По-видимому, только в нашем восприятии (мы понимаем эти сочетания иначе, чем автор С.) это — украшающий, метафорич., постоянный Э. К постоянным Э. нар. поэзии относятся: храбрая дружина, красные девы (но — красныя Глебовны!), поганые половци, чистое поле, синее море, синий Дон, черный ворон, черна земля, серый волк, сизый орел, каленая стрела, зеленая трава, борзый конь, лютый зверь, светлое солнце, удалые сыны, милый брат, черленый щит, черленый стяг, драгие оксамиты (Н. С. Тихонравов, Буслаев, а за ними мн. исследователи; Е. Гофман находит в С. только 10 постоянных Э.). «Украшающие Э.»: терем златоверхий, струи серебряные, кровать тисовая, столпы багряные, злат стремень (по Буслаеву и А. И. Смирнову; к числу украшающих Э. М. Н. Сперанский относил еще: лютый зверь, борзые комони и некоторые др.). «Метафорические Э.»: вещие персты, живые струны, железные полки, злато слово, жемчужная душа (А. М. Лукьяненко; Н. И. Прокофьев добавил к этому перечню — мыслено древо, теплая мгла, хороброе гнездо, кровавая заря, жестокий харалуг, кровава трава, серебряные берега, а Н. В. Герасимова также — буй тур, дерзко тело, молодой месяц, сильные полки; яр буй — «сложный метафорический эпитет»).
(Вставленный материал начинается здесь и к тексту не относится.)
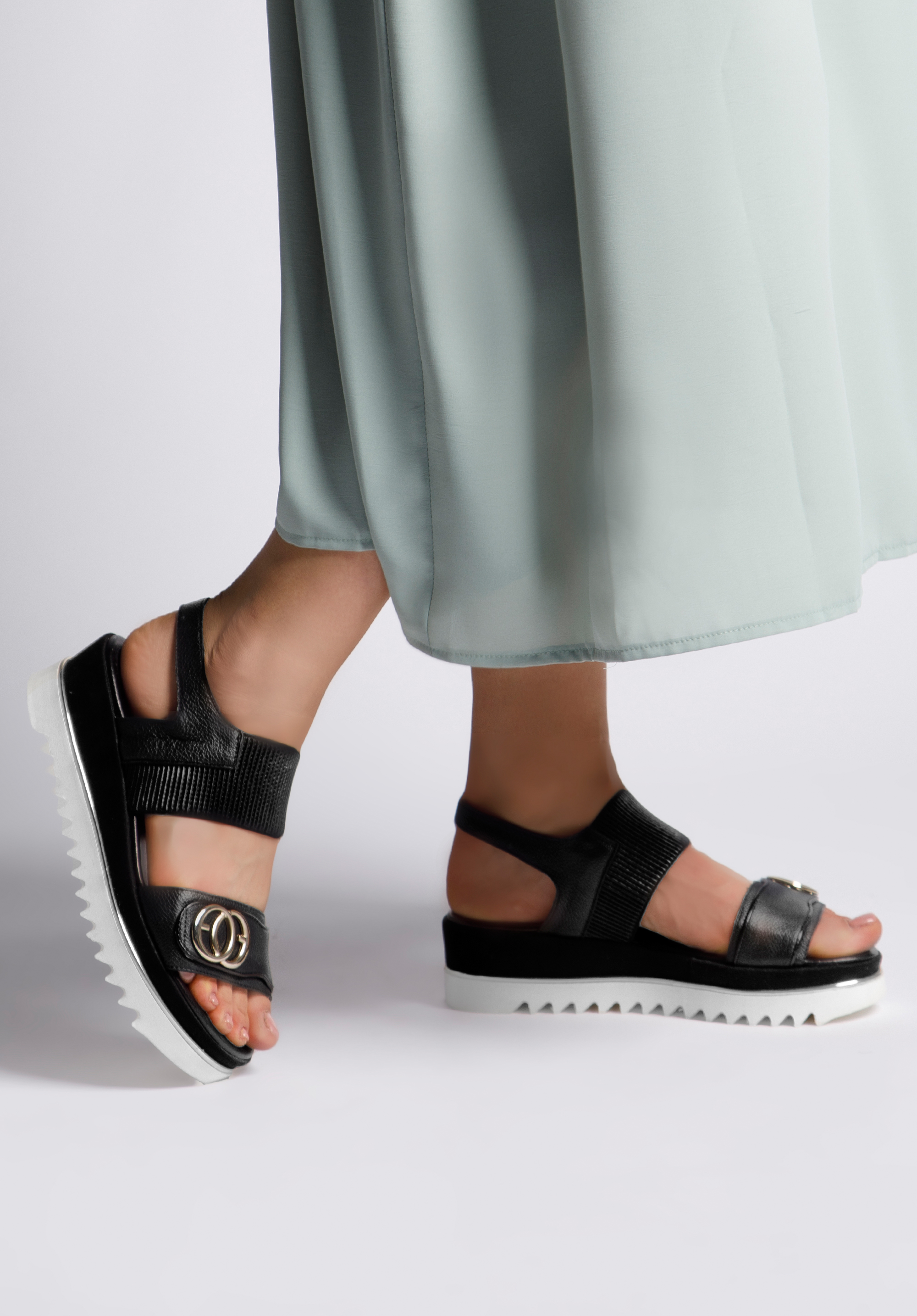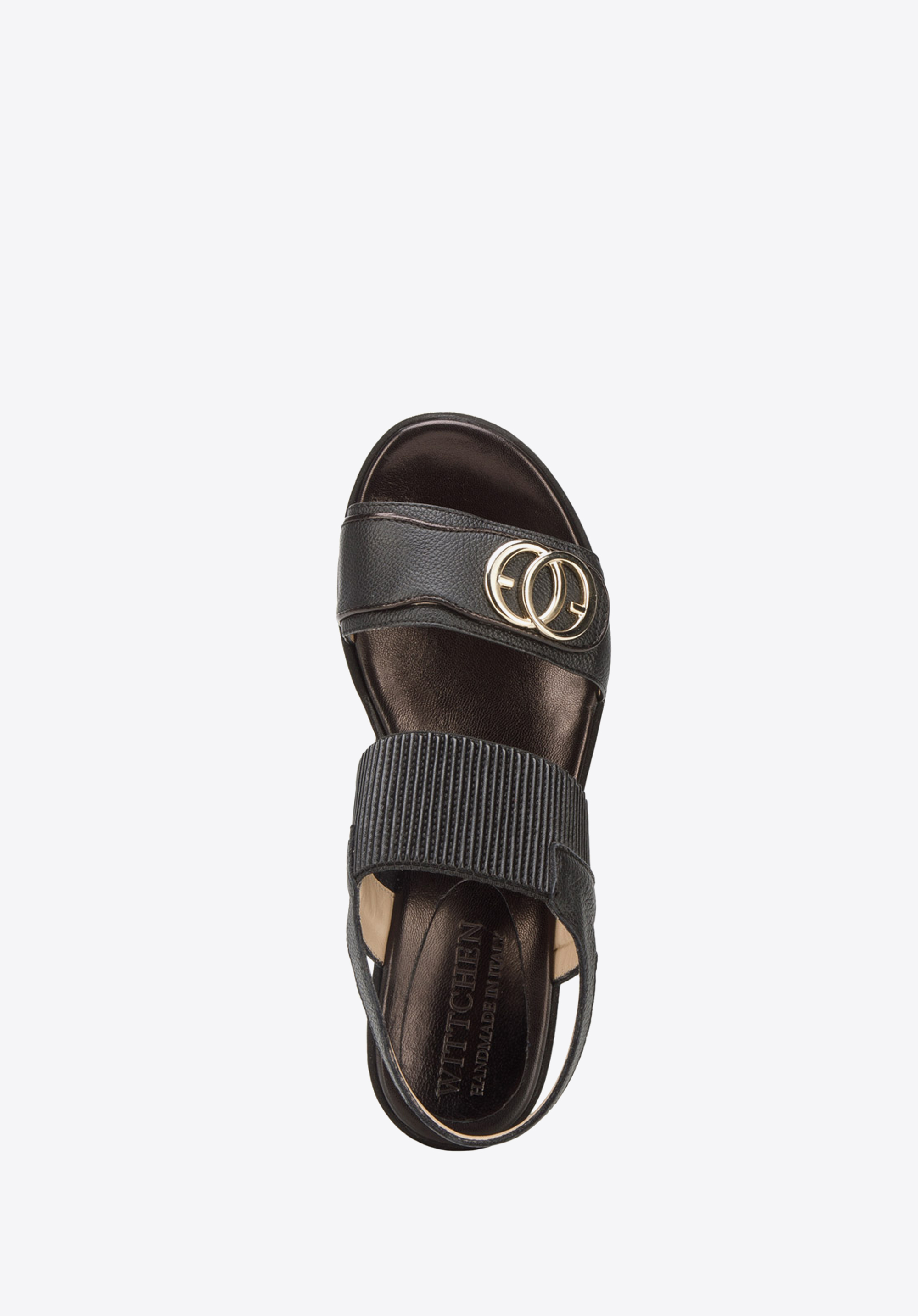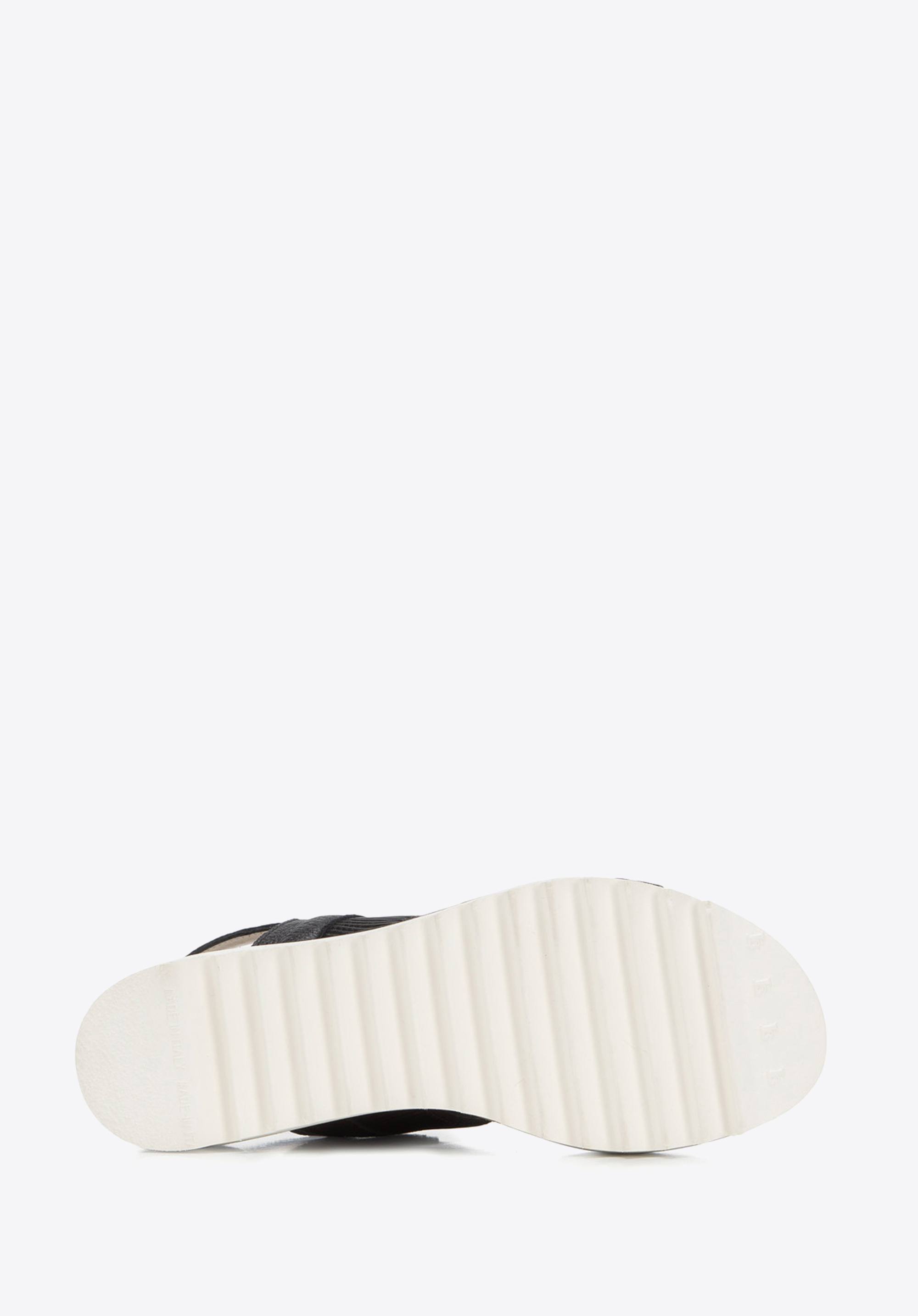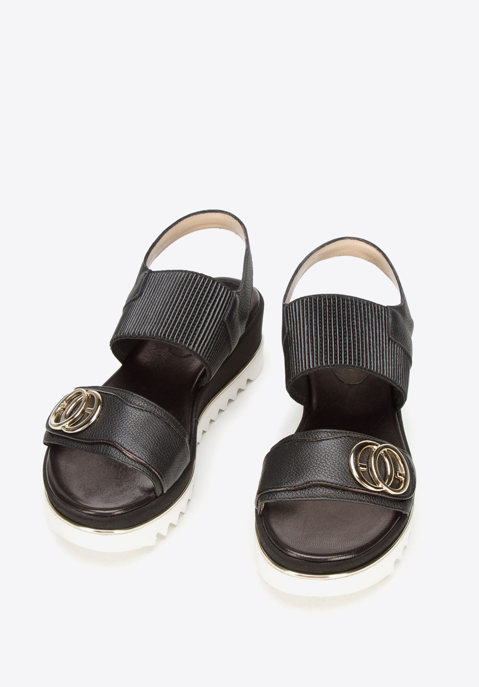 Pohodlné sandále sú základom jarného a letného vzhľadu. Boli šité a ručne dokončené v Taliansku. Nohu vpredu drží elegantný remienok s nášivkou a zlatými prsteňmi. Dodatočnou ozdobou je zlatý pruh, ktorý sa tiahne okolo topánky. Obúvanie sandálov na nohu uľahčuje široká prúžkovaná gumička. A masívne rebrovanie na spodnej strane platformy im nielen dodáva štýl, ale aj zvyšuje ich priľnavosť k zemi. Dámske kožené sandále s hrubou gumičkou sú presne v súlade s aktuálnymi trendmi; sú masívne, ale elegantné. Budú dokonalým zavŕšením vašich outfitov: či už ide o šaty na ramienkach alebo šortky s košeľou.

Все сочетания последнего типа иногда называют «поэтическими Э.» (Ю. Соколов), имея в виду их образность. Подсчеты Э. в С. весьма субъективны: Гофман находит всего 10 постоянных Э., В. Н. Перетц — 57 (т. е. все имена прил.), А. И. Никифоров (учитывая словоупотребления, однако, не всех имен прил.) — 208.

Отвергнуто предположение (В. Ф. Миллер, Гофман) о заимствовании основных Э. памятника из визант. лит. традиции, что, по словам Перетца, «более смело, чем вероятно» (К изучению... С. 54). Действительно, в рус. нар. поэтике визант. метафору заимствовали (когда это случалось) как готовый символ, который и расшифровывался с помощью Э. — прил., таким образом, все древнерус. Э. — живые, возникшие на основе образных речений самого слав. яз.

С точки зрения их функции в тексте перечисл. сочетания с прил. не все одинаково бесспорны. Так, сочетания «въ дръзѣ тѣлѣ» и «на жестоцѣмъ тѣлѣ» определенно соотносятся одно с другим, еще Е. В. Барсов заметил тут проявление катахрезы, состоящей в намекающей отсылке к сочетанию «въ жестоцемъ харалузѣ», и связывал это со значениями греч. слова σκληρος — «жесткий (жестокий)»; в результате «въ жестоцѣмъ» одновременно означает «упруго крепкий» (харалуг) и «сильно могучий» (тело) (Лексикология. С. 260). Потебня отмечал, что «смысленый» позднейшая глосса к «вѣщий» (Слово. С. 130). Некоторые прил. по семантике своей не могли быть Э. в XII в., поскольку в то время в качестве прямого значения они еще имели именно то, которое сегодня признается «метафорическим»; ср. это в сочетаниях с прил. «быстрый» или «вещий».

Сделаны попытки разграничить простое определение и худ Э.; так, неполногласные формы типа «златъ столъ», «храбро тѣло» обычны в Э. (Якубинский. О языке... С. 77); замечено также, что в С. в сочетании с именованием лица прил. всегда употребляется в основном номинативном значении, а это значит, что в сочетании с «предметно-вещными»

- 254 -

словами переносное значение того или иного прил. может быть иллюзией сознания совр. исследователя. Еще раньше С. П. Обнорский показал, что в С. краткие прил. используются в значении «сделан из чего-либо» (более 20 раз): бебрян, злат и пр., ср.: «злато ожереліе» — «златыи шеломы», «въ путины желѣзны» — но «желѣзными плъкы», «на кръвавѣ травѣ» — но «кровавыя зори», «кроваваго вина»; «сребрено стружіе» — но «сребреней сѣдинѣ», «сребреными струями» — не очень последовательно, однако весьма характерно.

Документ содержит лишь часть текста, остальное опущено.